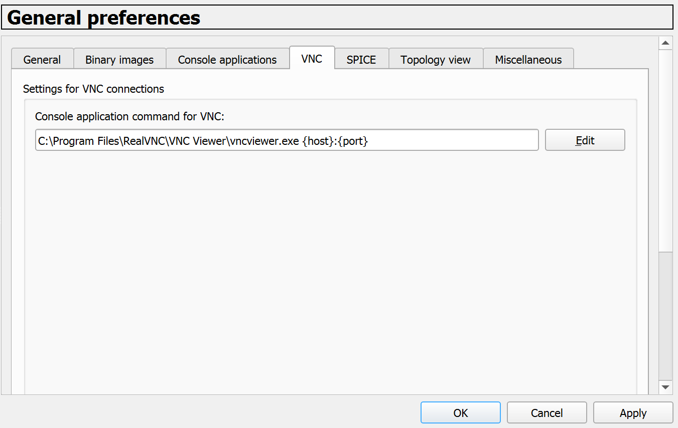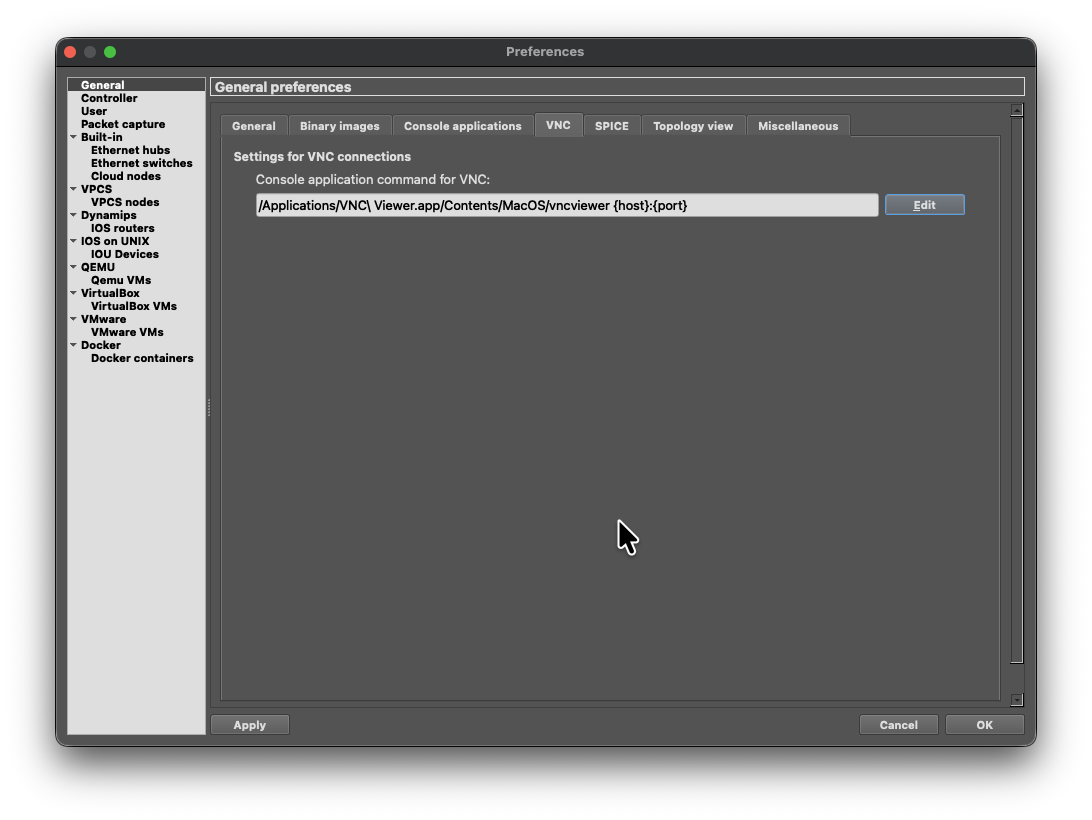 Once installed, Go to GNS3 Preferences → General → VNC and select the custom settings (Edit):
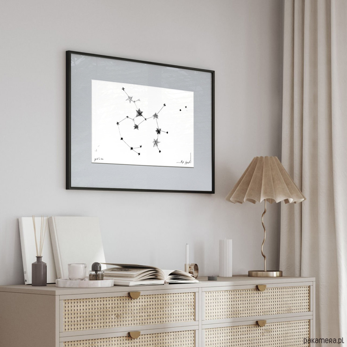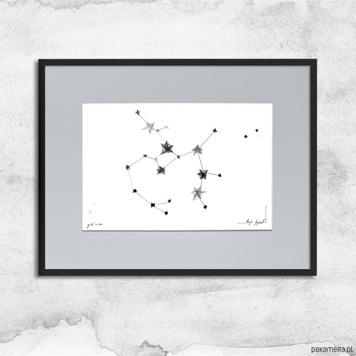 Grafika wykonana techniką mieszaną (giclée i rysunek isografem) na białym, matowym o lekko fakturowanej powierzchni, graficznym papierze Canson 250g. Pełne harmonii i symboliki czarno-białe grafiki ze znakami zodiaku będą oryginalnym prezentem na urodziny. Charakterystycznie kreślone konstelacje odnajdą się we współczesnych wnętrzach z dodatkami bieli, szarości czy grafitu.
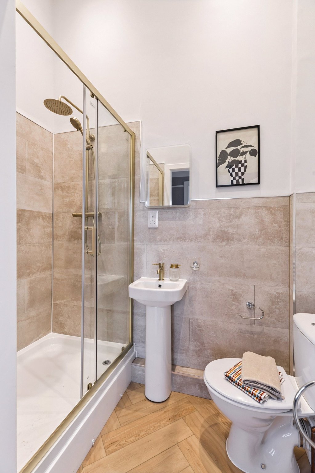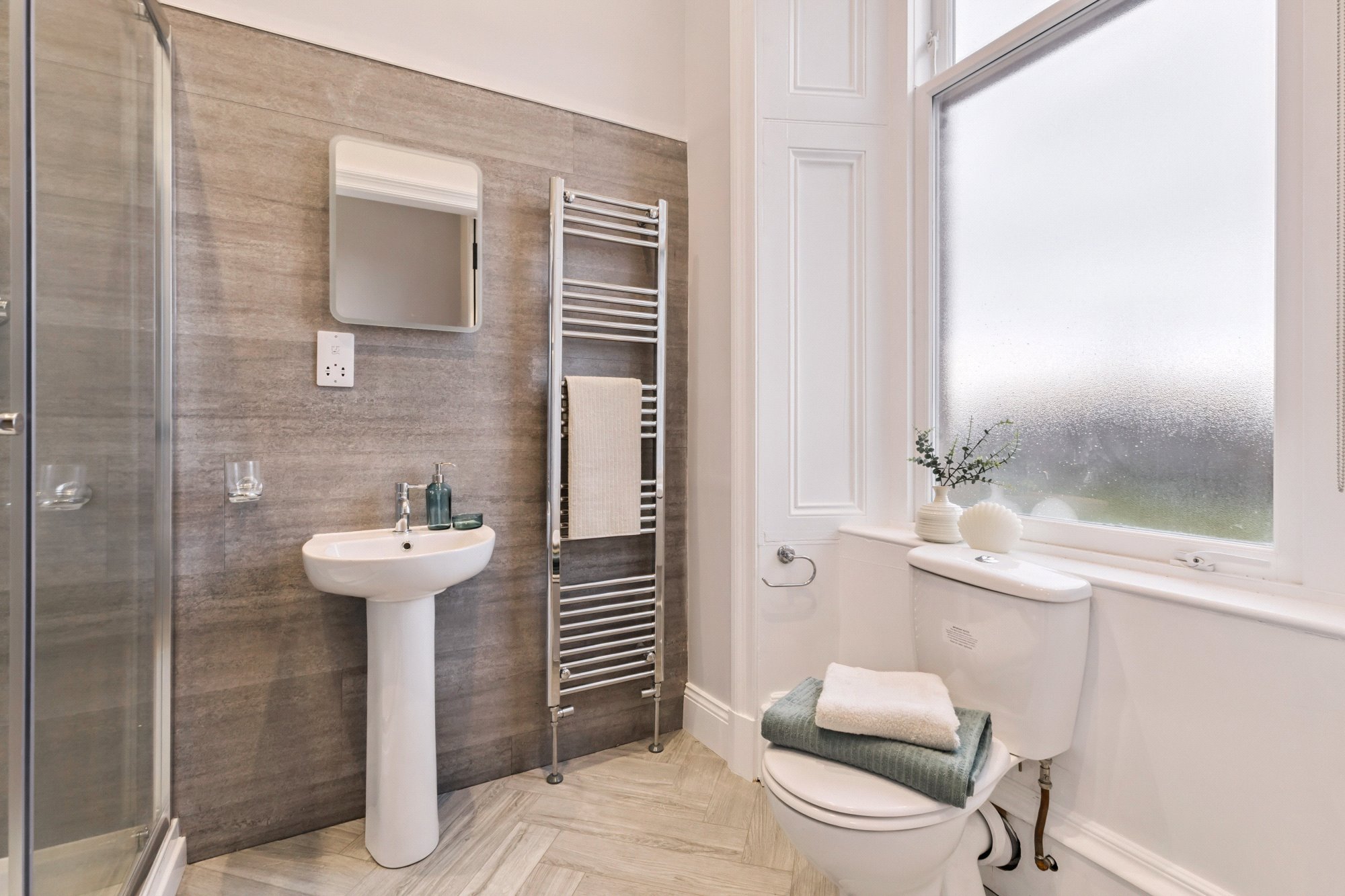 Internally the flat is like a new home with everything refitted and this includes flooring, decoration, kitchen, two en suite shower rooms and a further shower room off the reception hall.
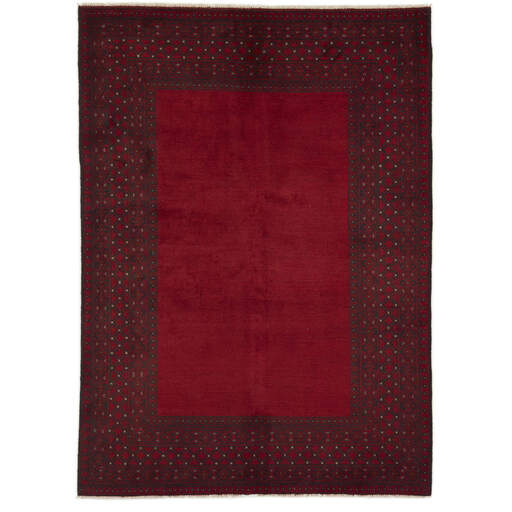 Aktscha rugs are knotted by Turkmens in the Aktscha (Acqcha) district, which is situated in the central part of the Jowzjan Province of northern Afghanistan. The Aktscha rugs are very similar to the Old Afghan (Khal Mohammadi) rugs, but are of a lower quality, as the knot density is lower. The rugs have the same characteristics, with the deep, warm, and fiery red base colour, the relatively high and sturdy pile, the wool base weave, and the use of goat’s and horse’s hair. The Gül (Elephant’s Foot) pattern is the primary pattern of the Aktscha rugs.

§ §

● WHAT YOU SHOULD DO
Leave out the pictures and reproduce the rest of the listing exactly.

● RESPONSE
 Once installed, Go to GNS3 Preferences → General → VNC and select the custom settings (Edit):
 Grafika wykonana techniką mieszaną (giclée i rysunek isografem) na białym, matowym o lekko fakturowanej powierzchni, graficznym papierze Canson 250g. Pełne harmonii i symboliki czarno-białe grafiki ze znakami zodiaku będą oryginalnym prezentem na urodziny. Charakterystycznie kreślone konstelacje odnajdą się we współczesnych wnętrzach z dodatkami bieli, szarości czy grafitu.
 Internally the flat is like a new home with everything refitted and this includes flooring, decoration, kitchen, two en suite shower rooms and a further shower room off the reception hall.
 Aktscha rugs are knotted by Turkmens in the Aktscha (Acqcha) district, which is situated in the central part of the Jowzjan Province of northern Afghanistan. The Aktscha rugs are very similar to the Old Afghan (Khal Mohammadi) rugs, but are of a lower quality, as the knot density is lower. The rugs have the same characteristics, with the deep, warm, and fiery red base colour, the relatively high and sturdy pile, the wool base weave, and the use of goat’s and horse’s hair. The Gül (Elephant’s Foot) pattern is the primary pattern of the Aktscha rugs.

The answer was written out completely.